**Exercise requirements**
Only the lines below from the one containing "9일 오후 강원 인제군" to the one containing "Круглый брелок из" should be repeated, both included and unchanged.

**Input**
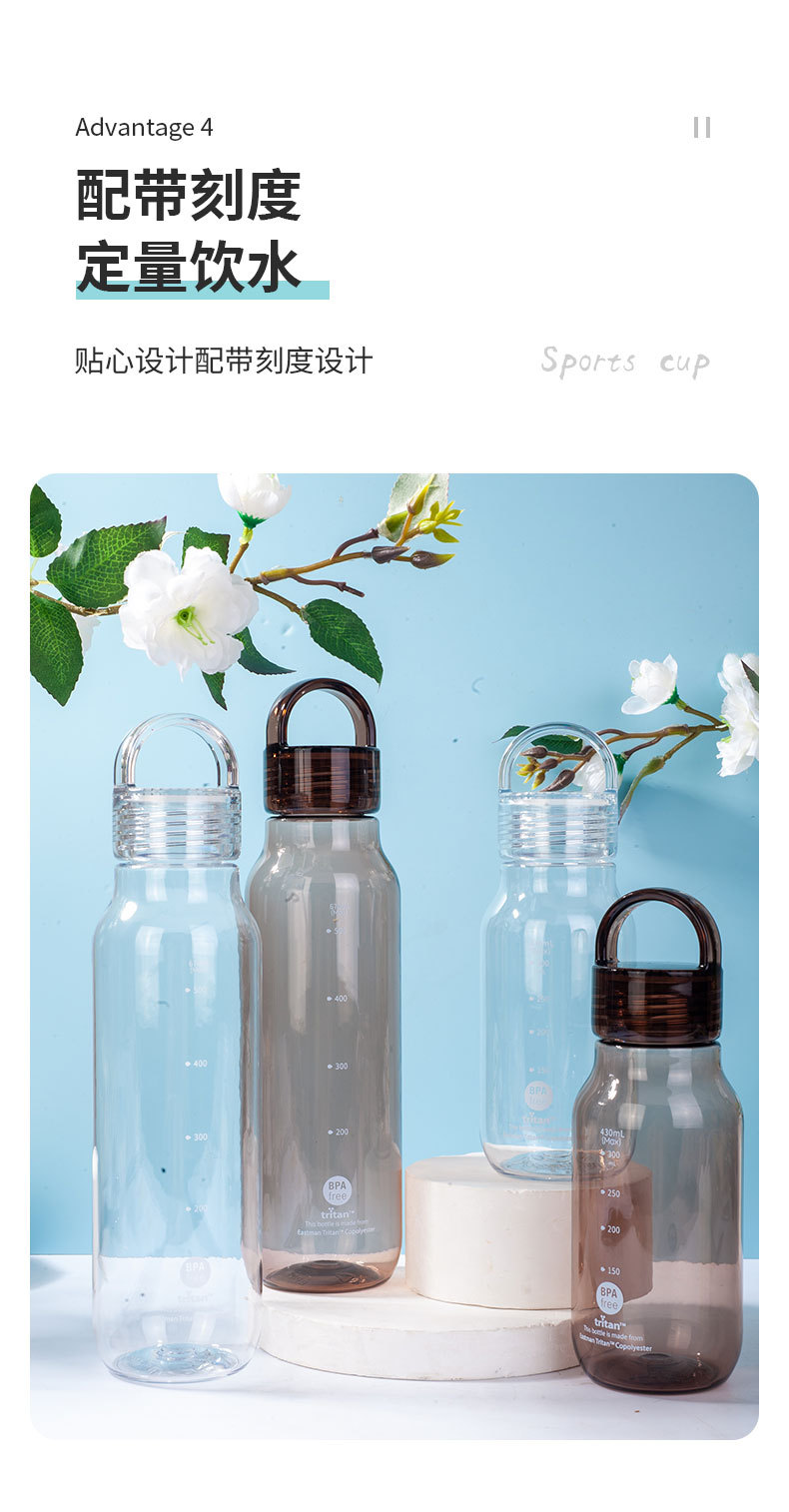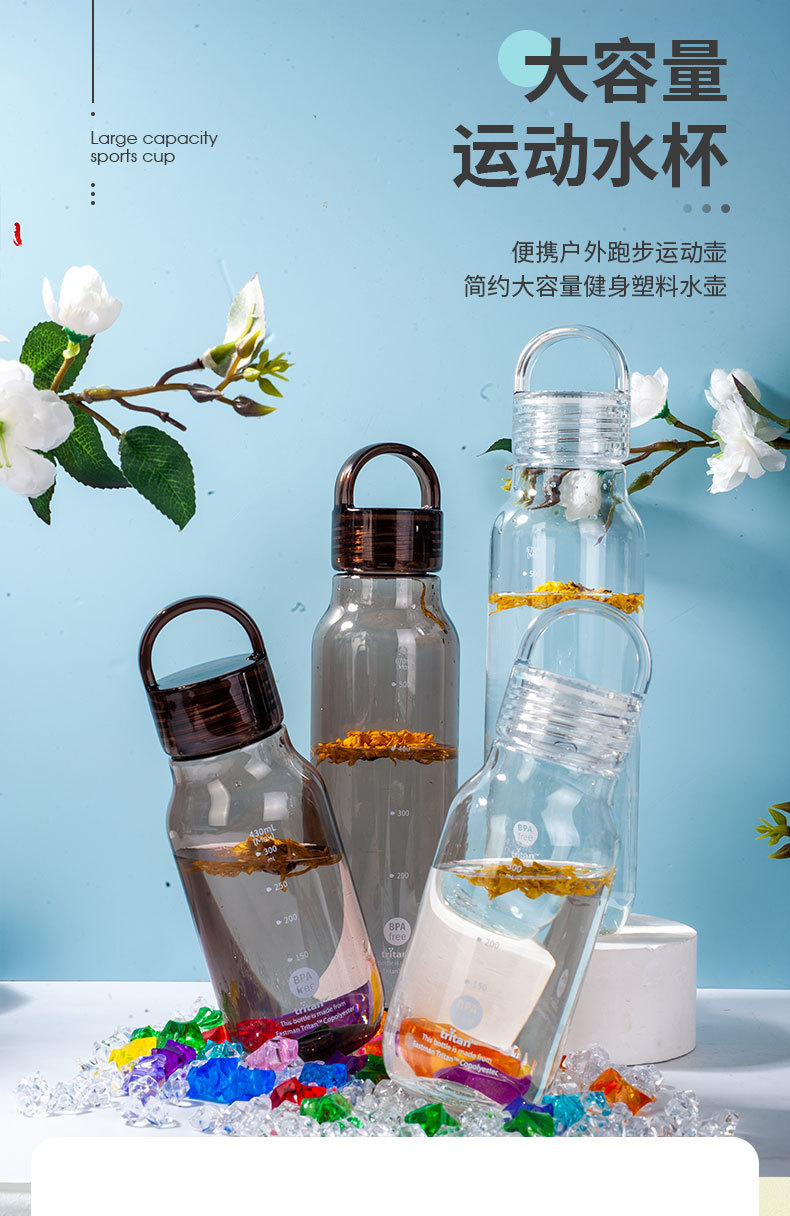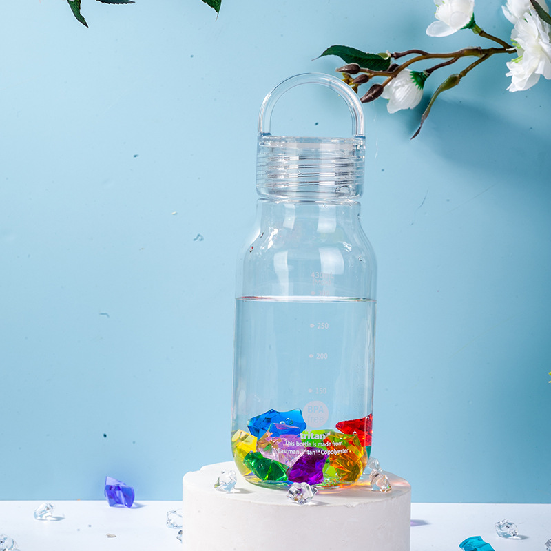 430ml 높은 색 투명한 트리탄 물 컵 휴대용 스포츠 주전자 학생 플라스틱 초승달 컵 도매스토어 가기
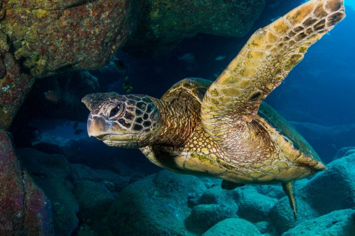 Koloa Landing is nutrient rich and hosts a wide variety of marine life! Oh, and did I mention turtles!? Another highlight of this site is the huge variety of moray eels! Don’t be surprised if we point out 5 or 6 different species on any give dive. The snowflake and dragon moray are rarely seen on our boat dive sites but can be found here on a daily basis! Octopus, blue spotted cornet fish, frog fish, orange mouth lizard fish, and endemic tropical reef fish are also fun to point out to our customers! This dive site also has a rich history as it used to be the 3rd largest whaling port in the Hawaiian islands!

--

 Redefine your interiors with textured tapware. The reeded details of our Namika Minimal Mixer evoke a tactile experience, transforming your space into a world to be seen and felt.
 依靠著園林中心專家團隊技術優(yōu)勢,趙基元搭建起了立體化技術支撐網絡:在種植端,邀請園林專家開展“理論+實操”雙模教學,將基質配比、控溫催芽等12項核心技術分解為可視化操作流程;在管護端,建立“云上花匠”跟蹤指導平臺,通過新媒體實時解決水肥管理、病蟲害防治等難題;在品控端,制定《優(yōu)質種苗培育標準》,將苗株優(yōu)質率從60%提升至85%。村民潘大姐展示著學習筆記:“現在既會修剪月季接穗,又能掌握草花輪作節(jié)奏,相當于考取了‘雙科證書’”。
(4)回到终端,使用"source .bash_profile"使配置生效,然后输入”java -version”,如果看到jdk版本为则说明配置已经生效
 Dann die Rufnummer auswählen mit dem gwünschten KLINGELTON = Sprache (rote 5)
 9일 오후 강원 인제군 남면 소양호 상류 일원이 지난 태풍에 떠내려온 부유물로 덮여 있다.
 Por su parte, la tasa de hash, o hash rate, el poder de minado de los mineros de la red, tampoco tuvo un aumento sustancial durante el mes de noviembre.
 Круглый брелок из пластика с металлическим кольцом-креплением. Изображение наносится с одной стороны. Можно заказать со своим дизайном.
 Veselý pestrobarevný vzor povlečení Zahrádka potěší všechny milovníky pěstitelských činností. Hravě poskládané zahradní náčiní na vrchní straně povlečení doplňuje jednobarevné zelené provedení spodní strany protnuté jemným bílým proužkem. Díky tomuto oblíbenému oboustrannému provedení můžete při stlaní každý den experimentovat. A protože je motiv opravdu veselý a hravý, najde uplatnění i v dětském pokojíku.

**Task response**
 9일 오후 강원 인제군 남면 소양호 상류 일원이 지난 태풍에 떠내려온 부유물로 덮여 있다.
 Por su parte, la tasa de hash, o hash rate, el poder de minado de los mineros de la red, tampoco tuvo un aumento sustancial durante el mes de noviembre.
 Круглый брелок из пластика с металлическим кольцом-креплением. Изображение наносится с одной стороны. Можно заказать со своим дизайном.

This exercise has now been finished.